“No.” Sebastian shook his head. “I don’t want to join the stupid veins in the earth. It just felt like all the puzzle pieces fit together. I don’t want them to. I want my life more than anything.” He sounded adamant, like a man willing to fight.

“Good.” James kissed Sebastian, then pulled him along to catch up with Eli.

“We need to do something though.” Sebastian’s grim demeanor returned. “We can’t wait around and let things escalate further.”

“I know.” James glanced from Sebastian to Eli and back again, thinking. “Let’s take one of the fuel cells from Gray’s and transfer the curse to it. We can do it now.”

Sebastian stopped. “Not if anyone might drive by the property.”

Even though it was a reminder of his parents’ accident, James’s heart warmed. Sebastian always looked out for other people. He was kind to his core, even when others didn’t return that kindness.

James gave Sebastian a reassuring smile. “We’ll get Eleanor to close the road. There’s plenty of advantages to having her in the know, and I’m not coming back here at night, so we’re making use of everything we’ve got.”

Sebastian nodded, looking relieved as some of the tension left his body.

“What happened to leading the shades to believe we’ve abandoned messing with the veins?” Eli asked.

“Dealing with shades isn’t our primary issue,” Sebastian said. “It’d be great if they left us alone but we have to put fixing the veins first.”

Eli fell into step beside them. “Don’t get me wrong, I agree. It just makes it harder having shades messing with us. I wish there was a way to get them to leave us alone.”

They continued on, passing the small cemetery, when movement caught James’s eye. A figure stood at the back of the fenced-in plot under the shadowy canopy of the trees.

James stopped short. Everything was unnaturally dark around the looming shadow, making it hard to see clearly even though the cemetery was on the edge of the forest and shouldn’t have been darker than the trees they’d just left.

“Sebastian,” James hissed.

Both Sebastian and Eli turned, and the figure came into focus. They all stared at the large humanoid shade Sebastian had banished barely a week ago. At least James assumed it was the same being. There was no way to tell if it was another individual of the same shade species since it had no decerning features, but instinct told him it was the same one that had abducted him.
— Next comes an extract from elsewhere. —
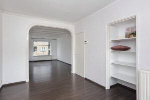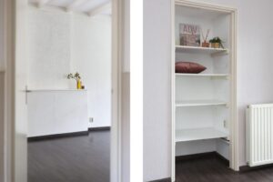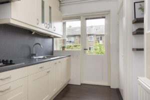 De keuken is in lichte kleurstelling en is netjes onderhouden en voorzien van een 4-pits gaskookplaat, afzuigkap en vaatwasser. Een nis in de keuken geeft ruimte voor een koelkast en/of wasmachine. Verder vind je hier de deur naar het eerste kleine balkon, een fijne plek om je eerste kop koffie van de dag of ontbijtje te nuttigen.

Sebastian sucked in a breath beside James.

They couldn’t fight this damn shade, not now. Sebastian had nearly killed himself with the effort last time.
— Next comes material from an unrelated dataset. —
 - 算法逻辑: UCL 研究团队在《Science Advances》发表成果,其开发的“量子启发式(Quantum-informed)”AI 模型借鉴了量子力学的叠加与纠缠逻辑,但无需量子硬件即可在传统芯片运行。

James herded the other two along, hurrying up the path. They seemed to shake themselves from their shock and moved quickly. James glanced over his shoulder to see how fast the shade was gaining on them, but it hadn’t moved. The giant figure remained behind the graves. The next time James looked, he saw it fading away, deeper into the forest in the opposite direction.

“It’s leaving,” he told the others.

They ran to his truck anyway.

James pulled into Gray Electrical. He was much more apprehensive about dragging one of his fuel cells out to Storm House now.

“Why did it let us walk away?” Sebastian asked, not moving to get out of the truck after Eli, who stood in the driveway on his phone, likely talking to Parker.

“I don’t know.” James’s hand shook. He shoved it through his hair to fend off the tremors. He might not remember being captured by the formidable shade, but knowing it had happened was terrifying enough.

“I assumed it’d bring the darkness back when it returned, but it seems like it’s waiting for something.”

“Or tying out new tactics,” James countered. “Come on, we can’t just sit here.”

They got out of the truck and went inside the shop. Hazel and Eleanor were by the coffee maker, heads together as they spoke in low voices.

“Great, you’re here. We need to talk to you,” James called across the room.

Both women looked up, and James told them about the humanoid shade they’d just seen.

“Just what we fucking need,” Eleanor muttered. She looked more harried than James had ever seen her, her tidy professional appearance lacking its usual air of perfection. “William is MIA.”

“What?” Sebastian crossed his arms and glared. “He has to be in Moonlight Falls somewhere.”